Christ is my meat, Christ is my drink,
     My medicine and my health;
My peace, my strength, my joy, my crown,
     My glory and my wealth.

 

Peace

In Isaiah 32:15-17 we read:

". . . Until the Spirit be poured upon us . . . Then . . . shall righteousness remain in the fruitful field. And the work of righteousness shall be PEACE . . . and the effect of righteousness quietness and assurance forever."

This prophecy which was given through Isaiah to God's ancient people is realized today in the lives of all those who are under the control of the Spirit.

There are two ways whereby you may have the peace of God continually flooding and filling your heart. First, by turning everything over to Him in prayer and supplication and thanksgiving; and second, by letting your mind dwell on the lovely things which pertain to Him and His love.

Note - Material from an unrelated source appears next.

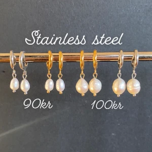 Silvrigt halsband med droppformade pärlor. - Elegant halsband i rostfritt stål – finns även i en guldpläterad variant. Matchande örhängen finns i en separat annons. Smycket är 9 mm brett och har en justerbar längd mellan 38–43 cm, vilket gör att det passar perfekt oavsett stil och tillfälle. De nickelfria och handgjorda.

"Be careful for nothing; but in everything by prayer and supplication, with thanksgiving let your requests be made unto God. And the peace of God, which passeth all understanding, shall keep your hearts and minds through Christ Jesus. Finally, brethren, whatsoever things are true, whatsoever things are honest, whatsoever things are just, whatsoever things are pure, whatsoever things are lovely, whatsoever things are of good report . . . think on these things." (Philippians 4:6-8)

It is in the mind that the fiercest battles usually rage. This gives added significance to the comforting words of Isaiah 26:3:

"Thou wilt keep him in perfect peace, whose mind is stayed on thee. . . ."

It is when we allow the Spirit to center our thoughts on Jehovah that we experience His peace. The mind is at rest because it is filled with the knowledge that the Almighty can and will take care of any situation that we may encounter. Such peace is truly of the Spirit, for it is His work to enlighten the eyes of our understanding that we may know God in Christ.

". . . That the God of our Lord Jesus Christ, the Father of glory, may give unto you the spirit of wisdom and revelation in the knowledge of Him: the eyes of your understanding being enlightened . . ." (Ephesians 1: 17, 18)

We can fill our minds with whatever we choose. We can choose to fill our minds with the company and conversations of worldly people, or we can choose to meditate on the things of the Lord. If we let our minds be filled with worldly things, we must not be surprised if we lose the peace of God. Donald Gee wisely wrote, "A man might as well complain at having bad dreams if he reads an excitable criminal story before going to bed!"